Retype the records below exactly as given, but only from the first line through the line with "Groot Print and", and without the pictures.

┌──

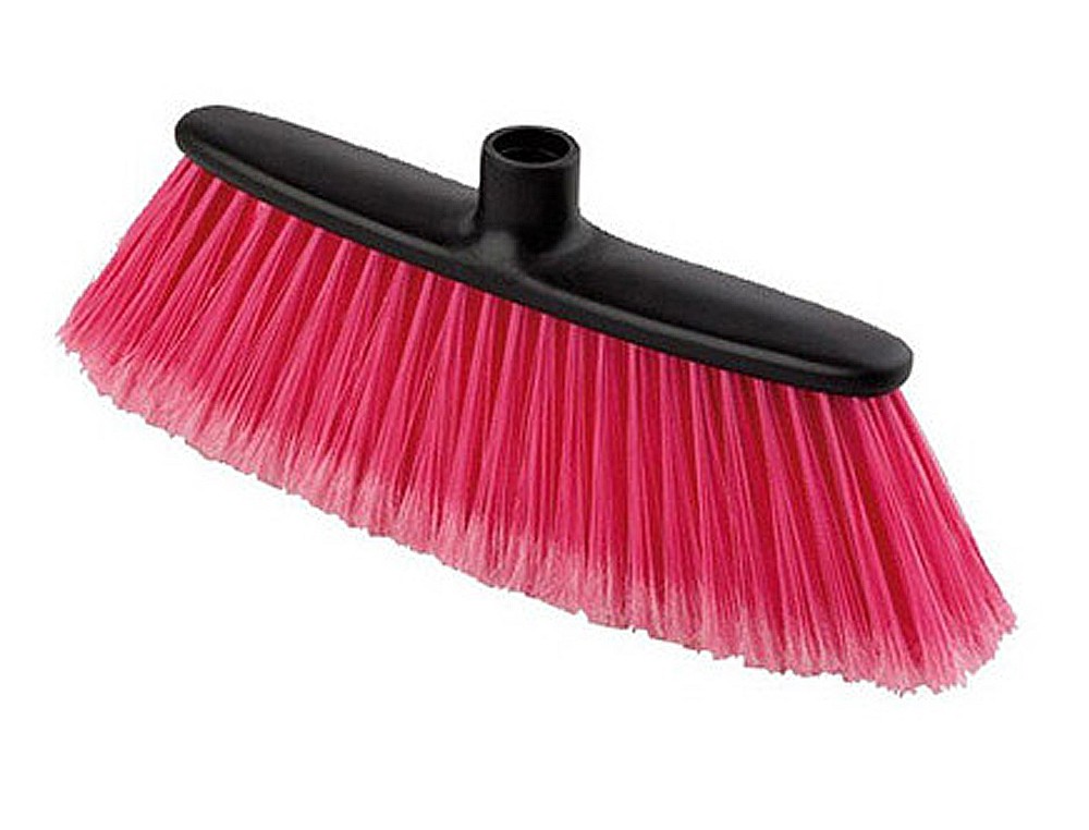 Escoba básica. Cerdas sintéticas en color rosa. No incluye palo. Medidas: 300 x 120 x 90 mm.
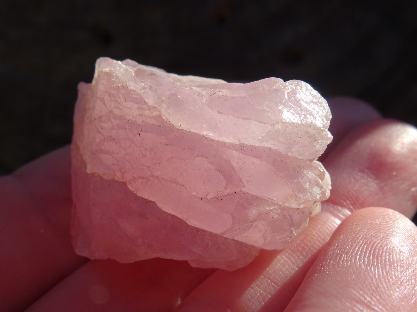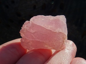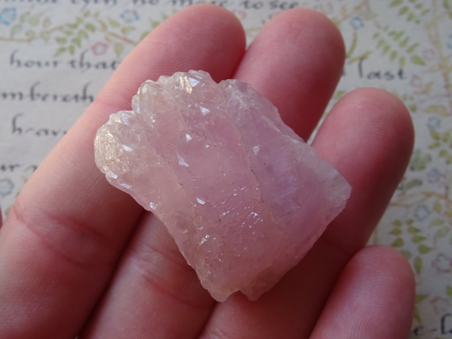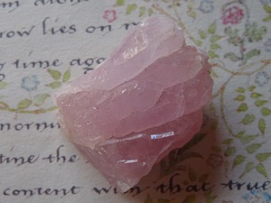 こちらはローズクォーツの結晶としてはかなり大きめで、色合いはピンク…というよりもラベンダーカラーに近いかな?という印象です。
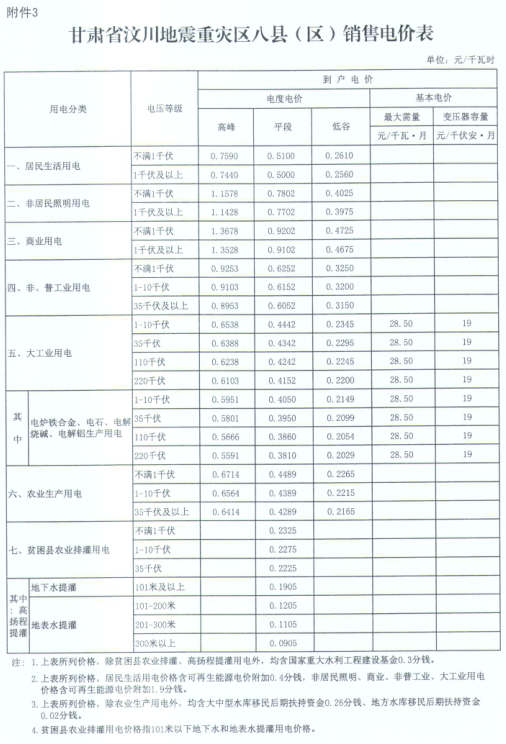 3.甘肅省汶川地震重災(zāi)區(qū)八縣(區(qū))銷售電價(jià)表
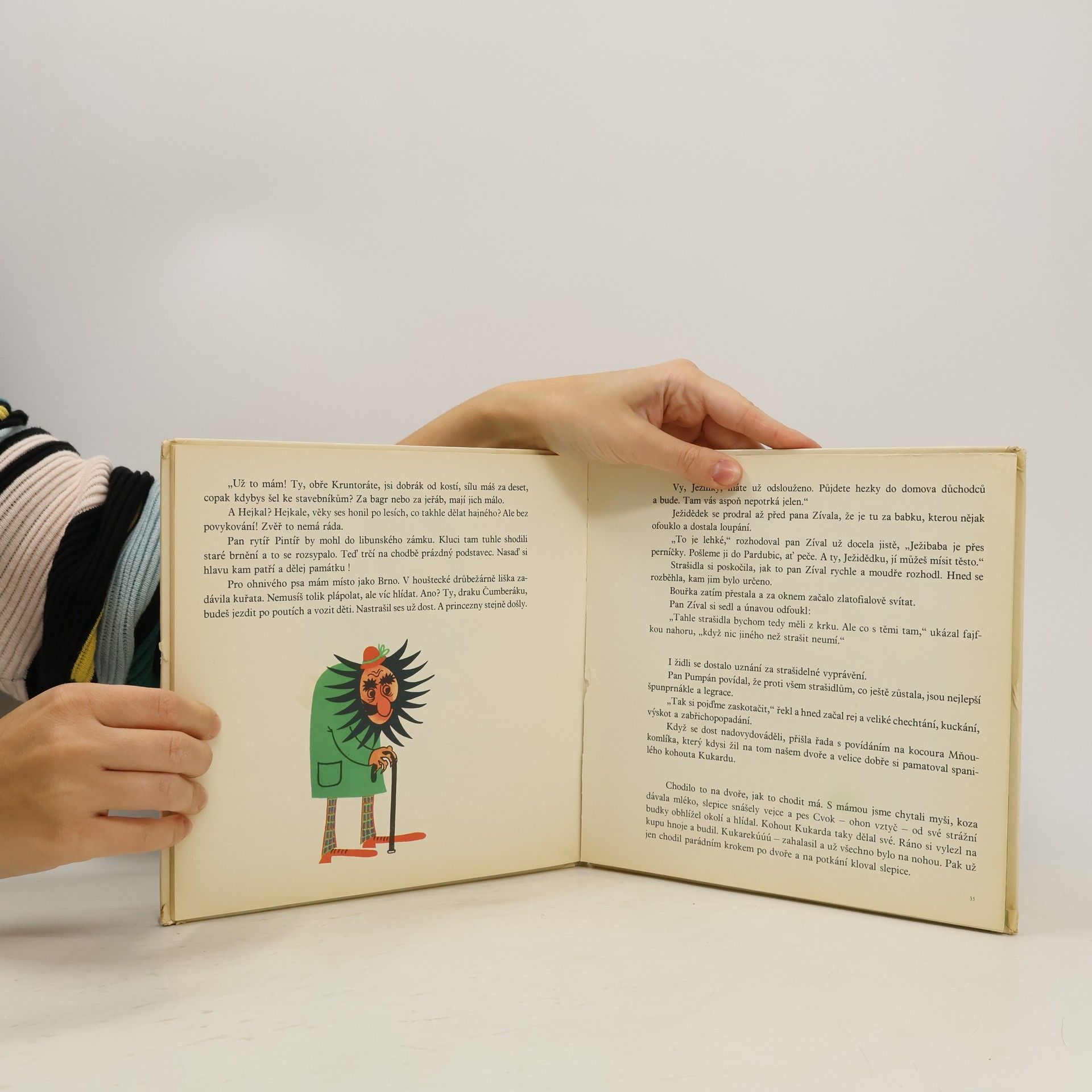 Partu pana Pumpána, dobromyslného dědy bydlícího v domku blízko lesa, tvoří "několik čtvernožců - stůl, židle, postel, kocour Mňoukomlík, pes Hafištěk, a dvounožec - pták Pipilitík". Je to veselá parta, která si v zimě vypráví pohádky: pan Pumpán o lidech i zvířatech, čtvernohé věci o zkušenostech s lidmi a zvířata o zvířatech. Jde o příběhy poučné i výchovné, kárající povýšenost, domýšlivost, zvůli a hloupost.
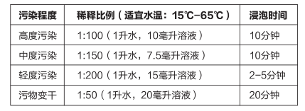 按以下比例稀釋配制清洗液、浸泡清洗物品。
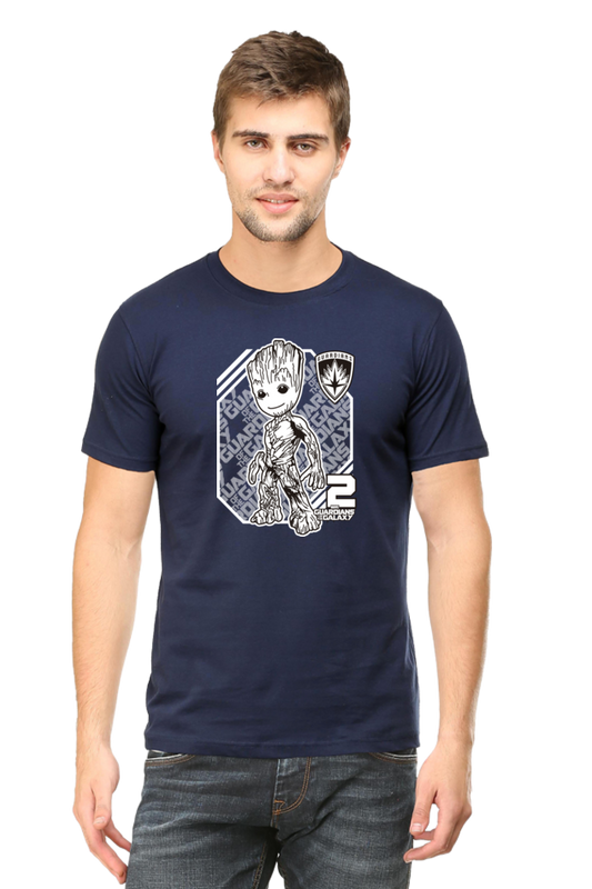 Groot Print and Guardians of the Galaxy Text Cotton T-Shirt for Men
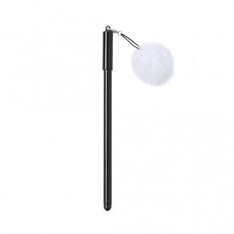 Llamativo bolígrafo pompón con capucha y tinta gel. Cuerpo en color negro de acabado frosted y disponible con pompón en color blanco o rosa. De cartucho jumbo y en tinta azul.

└──

* [Written solution]
 Escoba básica. Cerdas sintéticas en color rosa. No incluye palo. Medidas: 300 x 120 x 90 mm.
 こちらはローズクォーツの結晶としてはかなり大きめで、色合いはピンク…というよりもラベンダーカラーに近いかな?という印象です。
 3.甘肅省汶川地震重災(zāi)區(qū)八縣(區(qū))銷售電價(jià)表
 Partu pana Pumpána, dobromyslného dědy bydlícího v domku blízko lesa, tvoří "několik čtvernožců - stůl, židle, postel, kocour Mňoukomlík, pes Hafištěk, a dvounožec - pták Pipilitík". Je to veselá parta, která si v zimě vypráví pohádky: pan Pumpán o lidech i zvířatech, čtvernohé věci o zkušenostech s lidmi a zvířata o zvířatech. Jde o příběhy poučné i výchovné, kárající povýšenost, domýšlivost, zvůli a hloupost.
 按以下比例稀釋配制清洗液、浸泡清洗物品。
 Groot Print and Guardians of the Galaxy Text Cotton T-Shirt for Men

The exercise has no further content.